BEGIN Recorded information

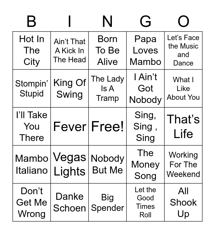 This bingo card has a free space and 68 words: Zoot Suit Riot, All Shook Up, Volare, I’ve Got the World on a String, Whatever Lola Wants, Jump, Jive, An ‘Wail, Ain’t That A Kick In The Head, I Won’t Dance, The Lady Is A Tramp, Sway ( Quien Sera), Nobody But Me, Fly Me To the Moon, That’s Life, Let’s Face the Music and Dance, For Once In My Life, Stompin’ Stupid, Fever, Hot In The City, 24k Magic, Vegas Lights, I Ain’t Got Nobody, The Money Song, Mambo Italiano, The 9th Island ( Las Vegas), Waking Up In Vegas, Love And Marriage, Las Vegas Turnaround ( The Stewardess Song ), Las Vegas Nights, Working For The Weekend, Mack the Knife, Born To Be Alive, Diamonds Are Forever, Pennies From Heaven, Angelina /Zooma Zooma, Papa Loves Mambo, Sandunga, Cheek To Cheek, Don’t Get Me Wrong, What I Like About You, I’ll Take You There, That’s Amore, Hey Pachuco!, King Of Swing, Hello, Dolly!, Night Life, Goody Goody, It Don’t Mean A Thing ( If It Ain’t Got That Swing ), Recipe For Love, Sing, Sing , Sing, Danke Schoen, Putting on the Ritz, Vegas, Shangri-La, Big Spender, Bamboleo, House Of The Rising Sun, Let the Good Times Roll, Poker Face, Paparazzi, Promised Land, A little less Conversation, Cabaret, She’s A Lady, That’s What I Like, Money, Money, Money, Jump In The Line, Too Darn Hot and What’s New Pussycat?.
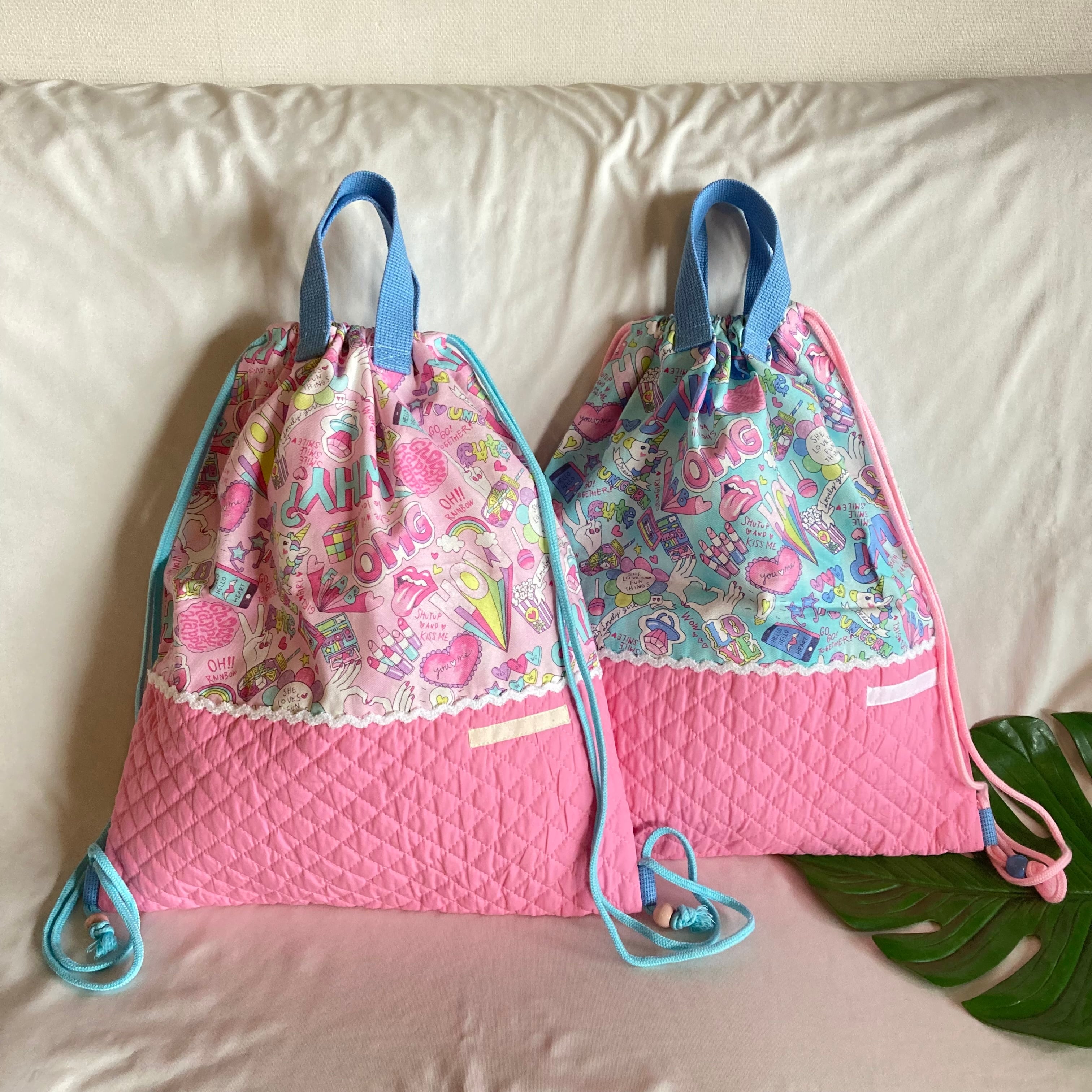 【オーダーOK】入園入学セット15ポップロゴユニコーン★手提げレッスンバッグシューズ体操着コップ上履き給食お着替え巾着ランチョンマット移動ポケットナップサック
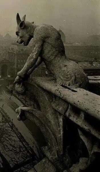 Горгулья Нотр-Дама, смотрящая на Париж, Франция, 1920 года.
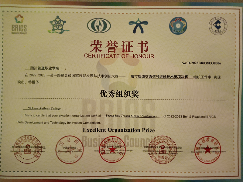 2023年4月22日,2022一带一路暨金砖国家技能发展与技术创新大赛城市轨道交通信号维修技术赛项总决赛在南京交通职业技术学院盛大开幕。电信工程学院师生荣获佳绩。信号18A1班杨婧彤、信号20T1班钟春燕,获全国二等奖,指导教师杜中彦、易翠英荣获优秀指导教师奖,AC米兰中文官方网站荣获优秀组织奖。
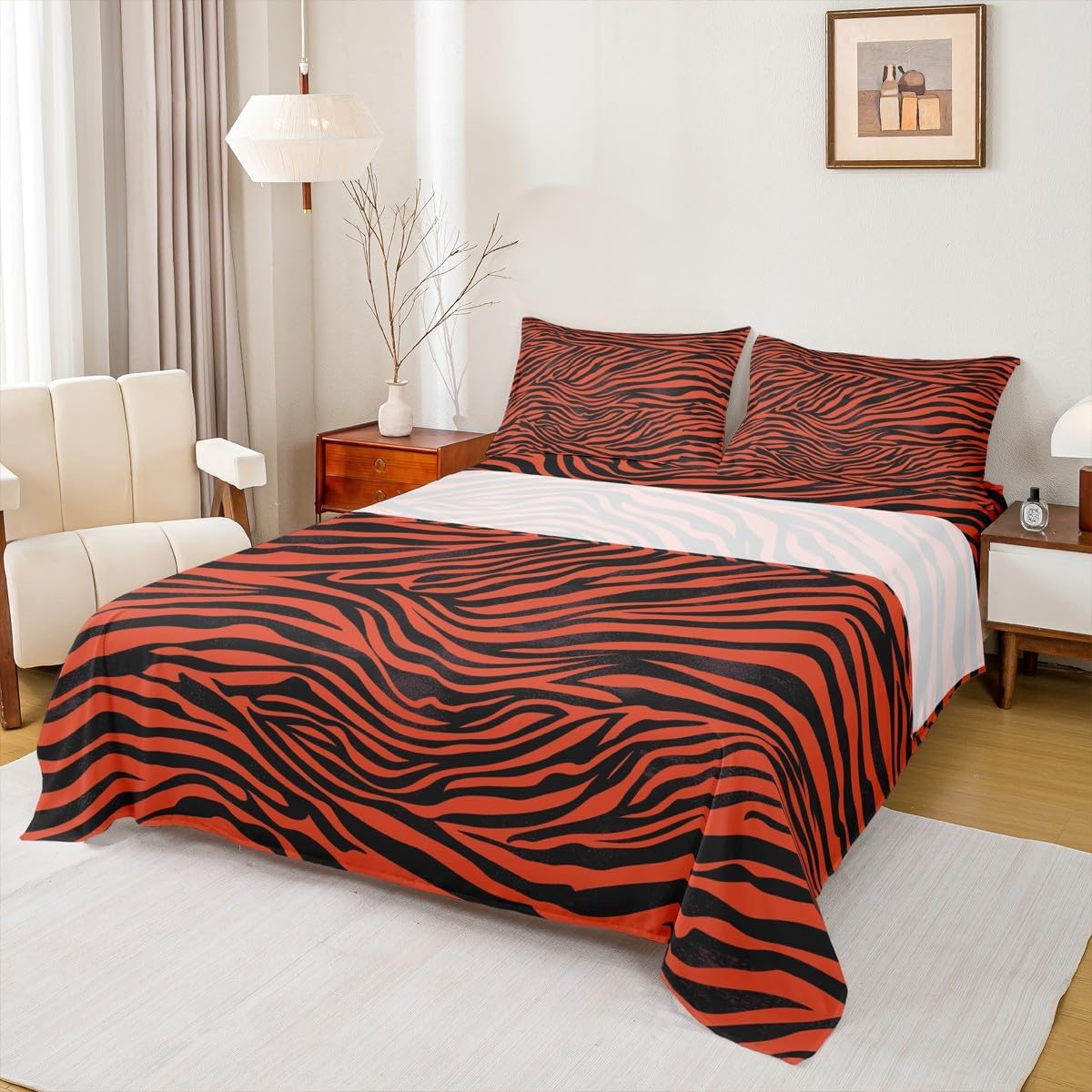 Our bed sheet is made of polyester fabric, lightweight and soft; stylish design is very suitable as room decoration for boys and girls; keep warm in winter and cool in summer; create a comfortable sleeping environment to make you fall asleep all night Range of size 1 twin fitted sheet 39 inch x 75 inch x 16 inch and 1 twin flat sheet 66 inch x 96 inch and 1 standard pillowcase 20 inch x 30 inch 1 full fitted sheet 54 inch x 75 inch x 16 inch and 1 full flat sheet 81 inch x 96 inch and 2 standard pillowcase 20 inch x 30 inch 1 queen fitted sheet 60 inch x 80 inch x 16 inch and 1 queen flat sheet 90 inch x 102 inch and 2 standard pillowcase 20 inch x 30 inch 1 king fitted sheet 78 inch x 80 inch x 16 inch and 1 king flat sheet 90 inch x 106 inch and 2 standard pillowcase 20 inch x 36 inch
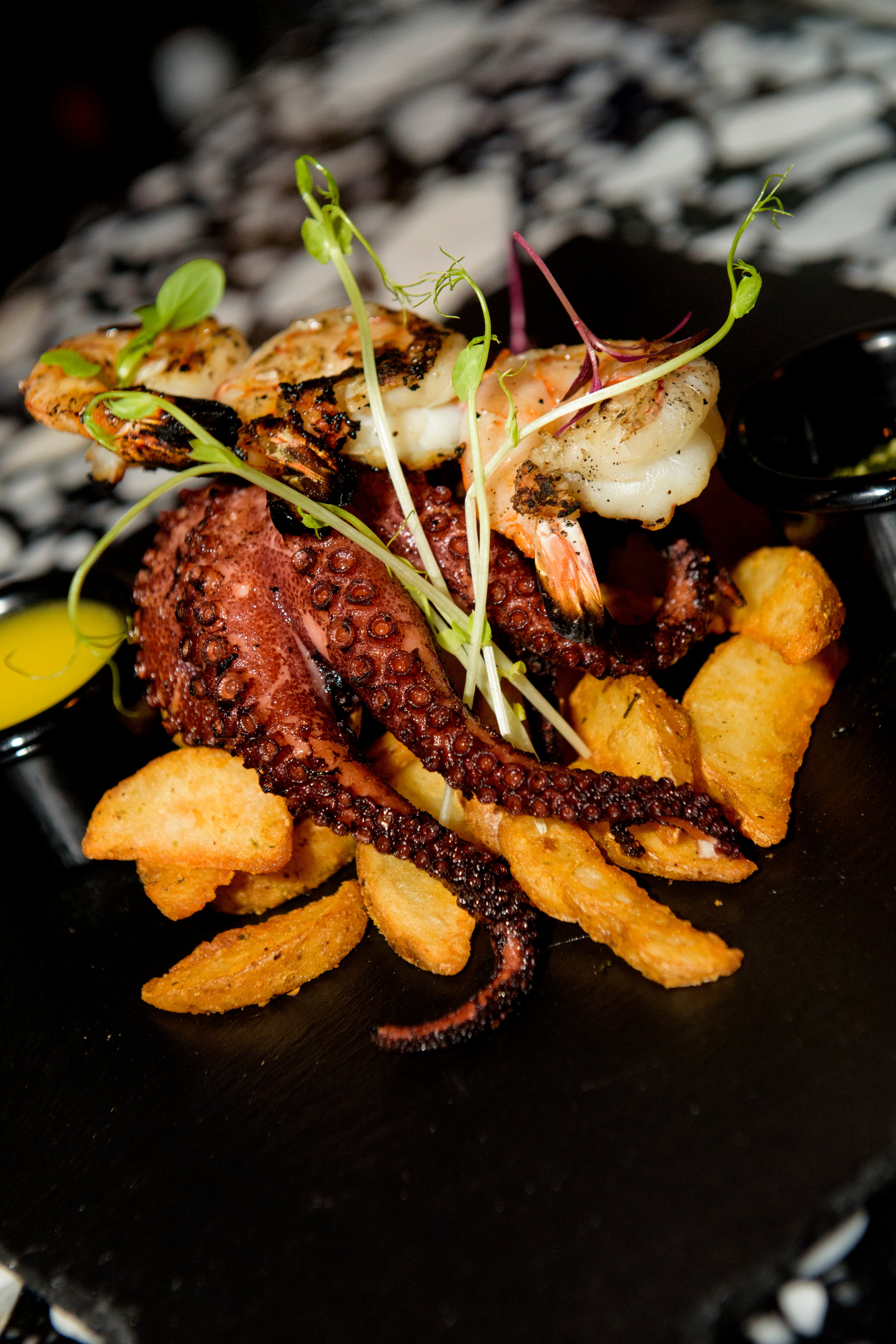 Seguido llegó el tiradito de atún “aticado” con la incorporación de croquetas de guantán, un pulpo a la parrilla sensacional, Cubero explicó que para llegar al punto fusionan técnicas de cocción francesas, españolas y ticas.
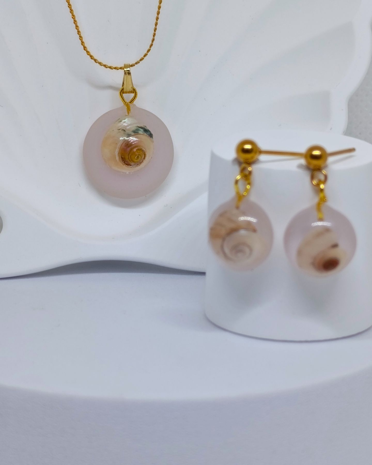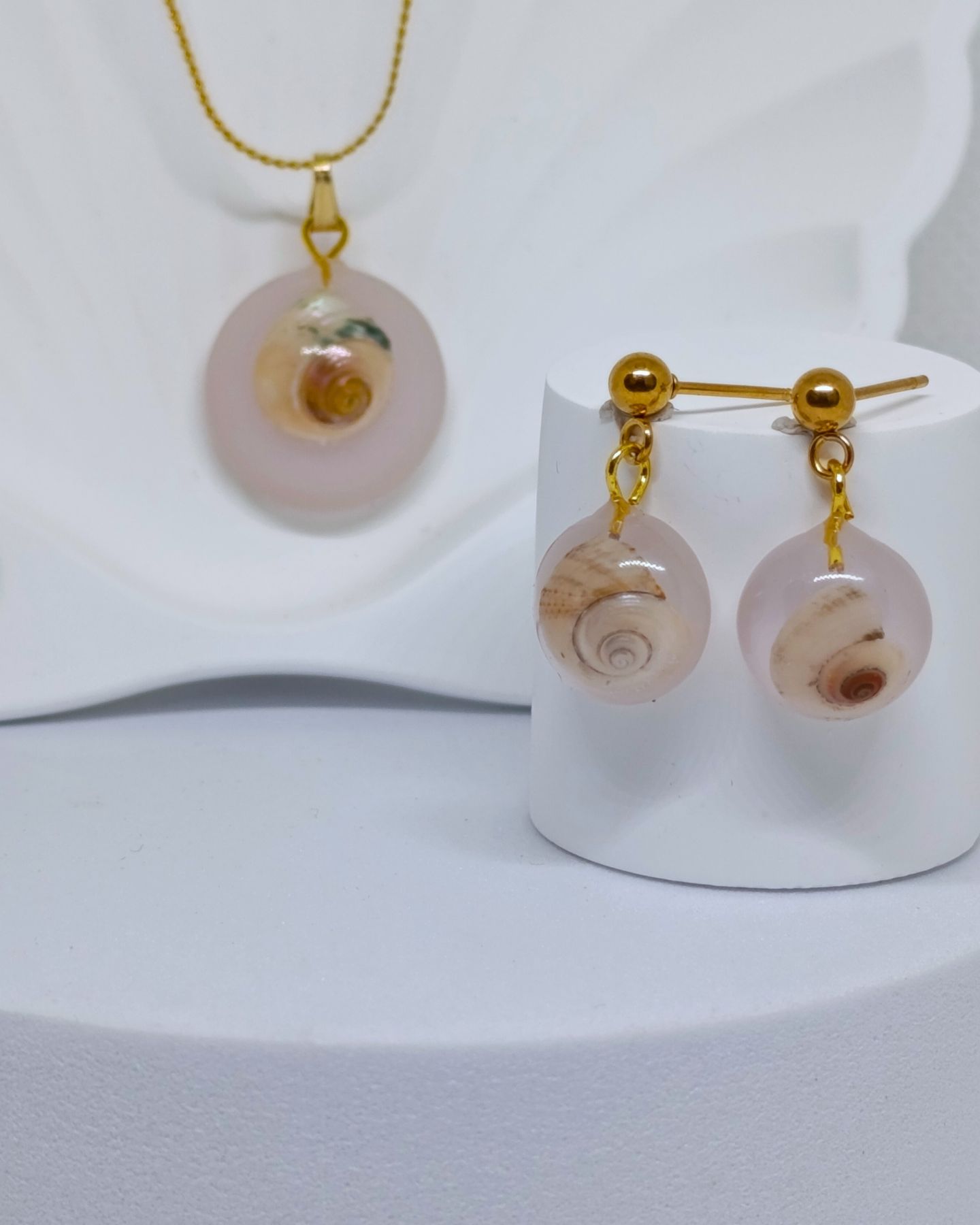 Conjunto artesanal en resina con caracolitos nacarados sobre fondo rosa. Dulzura y serenidad marina.
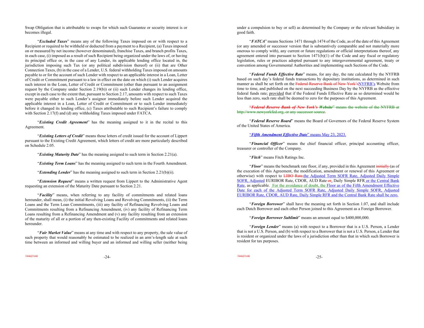 744627140 -24- Swap Obligation that is attributable to swaps for which such Guarantee or security interest is or becomes illegal. “Excluded Taxes” means any of the following Taxes imposed on or with respect to a Recipient or required to be withheld or deducted from a payment to a Recipient, (a) Taxes imposed on or measured by net income (however denominated), franchise Taxes, and branch profits Taxes, in each case, (i) imposed as a result of such Recipient being organized under the laws of, or having its principal office or, in the case of any Lender, its applicable lending office located in, the jurisdiction imposing such Tax (or any political subdivision thereof) or (ii) that are Other Connection Taxes, (b) in the case of a Lender, U.S. federal withholding Taxes imposed on amounts payable to or for the account of such Lender with respect to an applicable interest in a Loan, Letter of Credit or Commitment pursuant to a law in effect on the date on which (i) such Lender acquires such interest in the Loan, Letter of Credit or Commitment (other than pursuant to an assignment request by the Company under Section 2.19(b)) or (ii) such Lender changes its lending office, except in each case to the extent that, pursuant to Section 2.17, amounts with respect to such Taxes were payable either to such Lender’s assignor immediately before such Lender acquired the applicable interest in a Loan, Letter of Credit or Commitment or to such Lender immediately before it changed its lending office, (c) Taxes attributable to such Recipient’s failure to comply with Section 2.17(f) and (d) any withholding Taxes imposed under FATCA. “Existing Credit Agreement” has the meaning assigned to it in the recital to this Agreement. “Existing Letters of Credit” means those letters of credit issued for the account of Lippert pursuant to the Existing Credit Agreement, which letters of credit are more particularly described on Schedule 2.05. “Existing Maturity Date” has the meaning assigned to such term in Section 2.21(a). “Existing Term Loans” has the meaning assigned to such term in the Fourth Amendment. “Extending Lender” has the meaning assigned to such term in Section 2.21(b)(ii). “Extension Request” means a written request from Lippert to the Administrative Agent requesting an extension of the Maturity Date pursuant to Section 2.21. “Facility” means, when referring to any facility of commitments and related loans hereunder, shall mean, (i) the initial Revolving Loans and Revolving Commitments, (ii) the Term Loans and the Term Loan Commitments, (iii) any facility of Refinancing Revolving Loans and Commitments resulting from a Refinancing Amendment, (iv) any facility of Refinancing Term Loans resulting from a Refinancing Amendment and (v) any facility resulting from an extension of the maturity of all or a portion of any then-existing Facility of commitments and related loans hereunder. “Fair Market Value” means at any time and with respect to any property, the sale value of such property that would reasonably be estimated to be realized in an arm’s-length sale at such time between an informed and willing buyer and an informed and willing seller (neither being 744627140 -25- under a compulsion to buy or sell) as determined by the Company or the relevant Subsidiary in good faith. “FATCA” means Sections 1471 through 1474 of the Code, as of the date of this Agreement (or any amended or successor version that is substantively comparable and not materially more onerous to comply with), any current or future regulations or official interpretations thereof, any agreement entered into pursuant to Section 1471(b)(1) of the Code and any fiscal or regulatory legislation, rules or practices adopted pursuant to any intergovernmental agreement, treaty or convention among Governmental Authorities and implementing such Sections of the Code. “Federal Funds Effective Rate” means, for any day, the rate calculated by the NYFRB based on such day’s federal funds transactions by depositary institutions, as determined in such manner as shall be set forth on the Federal Reserve Bank of New York’sNYFRB’s Website from time to time, and published on the next succeeding Business Day by the NYFRB as the effective federal funds rate; provided that if the Federal Funds Effective Rate as so determined would be less than zero, such rate shall be deemed to zero for the purposes of this Agreement. “Federal Reserve Bank of New York’s Website” means the website of the NYFRB at http://www.newyorkfed.org, or any successor source. “Federal Reserve Board” means the Board of Governors of the Federal Reserve System of the United States of America. “Fifth Amendment Effective Date” means May 23, 2023. “Financial Officer” means the chief financial officer, principal accounting officer, treasurer or controller of the Company. “Fitch” means Fitch Ratings Inc. “Floor” means the benchmark rate floor, if any, provided in this Agreement initially (as of the execution of this Agreement, the modification, amendment or renewal of this Agreement or otherwise) with respect to LIBO Rate,the Adjusted Term SOFR Rate, Adjusted Daily Simple SOFR, Adjusted EURIBOR Rate, CDOR, AUD Rate or, Daily Simple RFR or the Central Bank Rate, as applicable. For the avoidance of doubt, the Floor as of the Fifth Amendment Effective Date for each of the Adjusted Term SOFR Rate, Adjusted Daily Simple SOFR, Adjusted EURIBOR Rate, CDOR, AUD Rate, Daily Simple RFR and the Central Bank Rate shall be zero. “Foreign Borrower” shall have the meaning set forth in Section 1.07, and shall include each Dutch Borrower and each other Person joined to this Agreement as a Foreign Borrower. “Foreign Borrower Sublimit” means an amount equal to $400,000,000. “Foreign Lender” means (a) with respect to a Borrower that is a U.S. Person, a Lender that is not a U.S. Person, and (b) with respect to a Borrower that is not a U.S.

END Recorded information

Would you transcribe the lines above exactly, going from the line bearing "2023年4月22日,202" through the line bearing "Our bed sheet", and drop the pictures from the copy?

[Solution to the problem]
 2023年4月22日,2022一带一路暨金砖国家技能发展与技术创新大赛城市轨道交通信号维修技术赛项总决赛在南京交通职业技术学院盛大开幕。电信工程学院师生荣获佳绩。信号18A1班杨婧彤、信号20T1班钟春燕,获全国二等奖,指导教师杜中彦、易翠英荣获优秀指导教师奖,AC米兰中文官方网站荣获优秀组织奖。
 Our bed sheet is made of polyester fabric, lightweight and soft; stylish design is very suitable as room decoration for boys and girls; keep warm in winter and cool in summer; create a comfortable sleeping environment to make you fall asleep all night Range of size 1 twin fitted sheet 39 inch x 75 inch x 16 inch and 1 twin flat sheet 66 inch x 96 inch and 1 standard pillowcase 20 inch x 30 inch 1 full fitted sheet 54 inch x 75 inch x 16 inch and 1 full flat sheet 81 inch x 96 inch and 2 standard pillowcase 20 inch x 30 inch 1 queen fitted sheet 60 inch x 80 inch x 16 inch and 1 queen flat sheet 90 inch x 102 inch and 2 standard pillowcase 20 inch x 30 inch 1 king fitted sheet 78 inch x 80 inch x 16 inch and 1 king flat sheet 90 inch x 106 inch and 2 standard pillowcase 20 inch x 36 inch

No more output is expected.